How Far Have We Really Come on Patient-Centered Care?
Wednesday, March 28 2012
Across the country, there is a shift from paying for volume of health care to paying for quality and efficiency. Patient-centered care – defined by the Institute of Medicine as “care that is respectful of and responsive to individual patient preferences, needs, and values” – is one of the key ingredients of care quality. Patient-centered care also can help lower medical costs and reduce the need for some health care services, according to research by the University of California-Davis Health System.
So if patient-centered care results in higher quality care at a lower cost, it makes sense that this concept would be widely adopted. It turns out, if you look closely, we really haven’t come very far. The British psychoanalyst Enid Balint is credited with coining the term “patient-centered medicine” in 1969, yet on a 2012 patient-to-patient online forum, I find the following post: “I have the most basic question – how do I find a good specialist who also welcomes an engaged patient? I have a very competent doctor who scoffs at my efforts to self-educate and discounts my findings, yet doesn’t communicate even the basics, only dictates what I should do next.” Numerous people responded to this post to share their own experience with a provider that did not exhibit a “patient-centered” approach.
The topic is highlighted in a recent article in the March 1 issue of the New England Journal of Medicine, “Shared Decision Making – The Pinnacle of Patient-Centered Care.” The authors write: “Caring and compassion were once often the only ‘treatment’ available to clinicians.
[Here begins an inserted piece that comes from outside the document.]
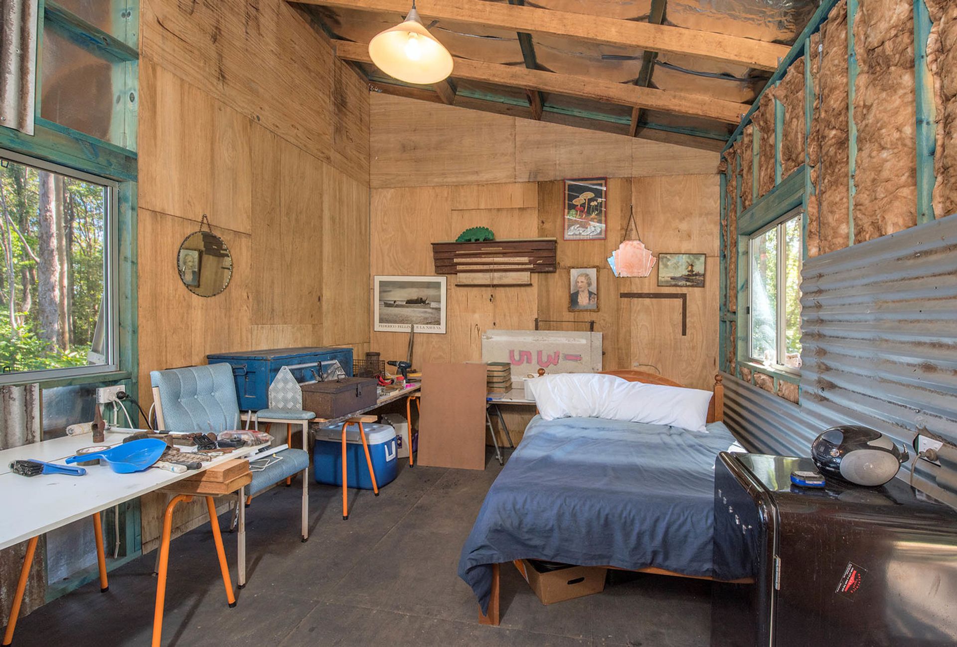 • Studio/workshop, well-constructed timber and colourbond with high ceilings, semi-lined, power and 10,000L water tank. ‘Carport’ style work area and north facing covered verandah.

Over time, advances in medical science have provided new options that, although often improving outcomes, have inadvertently distanced physicians from their patients. The result is a health care environment in which patients and their families are often excluded from important discussions and left feeling in the dark about how their problems are being managed and how to navigate the overwhelming array of diagnostic and treatment options available to them.”
To address this “inadvertent distancing of physicians from their patients,” many are focused on the concept of patient engagement. Christine Bechtel of the National Partnership for Women and Families wrote in a forward to Transforming Patient Engagement: Health IT in the Patient Centered Medical Home: “The bottom line is this: You can’t be patient-centered without both patient engagement and patient involvement in the way care is provided.”
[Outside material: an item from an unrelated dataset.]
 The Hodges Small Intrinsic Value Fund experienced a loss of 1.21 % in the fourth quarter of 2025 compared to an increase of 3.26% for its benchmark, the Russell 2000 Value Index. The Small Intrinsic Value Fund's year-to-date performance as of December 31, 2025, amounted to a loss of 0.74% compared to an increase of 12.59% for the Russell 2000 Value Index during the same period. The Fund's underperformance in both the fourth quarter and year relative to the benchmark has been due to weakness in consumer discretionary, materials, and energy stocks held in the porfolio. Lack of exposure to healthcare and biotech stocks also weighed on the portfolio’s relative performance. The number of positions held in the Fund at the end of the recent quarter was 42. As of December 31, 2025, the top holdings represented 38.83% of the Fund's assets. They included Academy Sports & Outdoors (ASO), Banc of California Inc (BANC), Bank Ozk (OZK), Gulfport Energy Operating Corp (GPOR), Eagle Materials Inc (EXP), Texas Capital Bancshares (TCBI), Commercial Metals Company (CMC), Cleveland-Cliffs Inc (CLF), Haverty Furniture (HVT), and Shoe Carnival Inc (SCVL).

Transforming Patient Engagement, a 2010 publication of The Patient Centered Primary Care Collaborative, can be used as a resource for providers looking to focus on providing patient-centered care. It contains a dozen papers and two dozen case examples that touch on many facets of patient engagement. The papers include everything from one-on-one strategies for engagement, such as motivational interviewing and shared decision-making, to practice structural changes, including team-based care and intensive chronic disease management.
While it would be beneficial to have a gauge of how engaged a patient is, most providers report that they lack systematic collection or discrete reporting of a profile of their patients’ level of engagement in their own care. Recognizing this gap, Press Ganey and the American Medical Group Association recently announced the launch of a unique survey tool, the Coordinated Care Survey, which asks patients to assess their own behaviors and beliefs, not just their perspective on the providers’ performance.
Moving from traditional passivity to active, informed engagement will be an unexpected challenge for many patients. Those who are unable or unwilling to participate actively and knowledgeably in their care are more likely to suffer preventable illness, receive less effective care, pay more out-of-pocket costs, experience poor outcomes and suffer a diminished quality of life.
Moving from a patriarchal role to a partner role will be a challenge for many providers. Those who are unable or unwilling to actively practice “patient-centered care” may lose out on compensation or bonus payments that are based on quality care, lose out on favorable reimbursement terms or even lose their job.
The shift to patient-centered care may be full of challenges, but the stakes are too high for all of us to let another few decades pass before “patient-centered medicine” is the norm.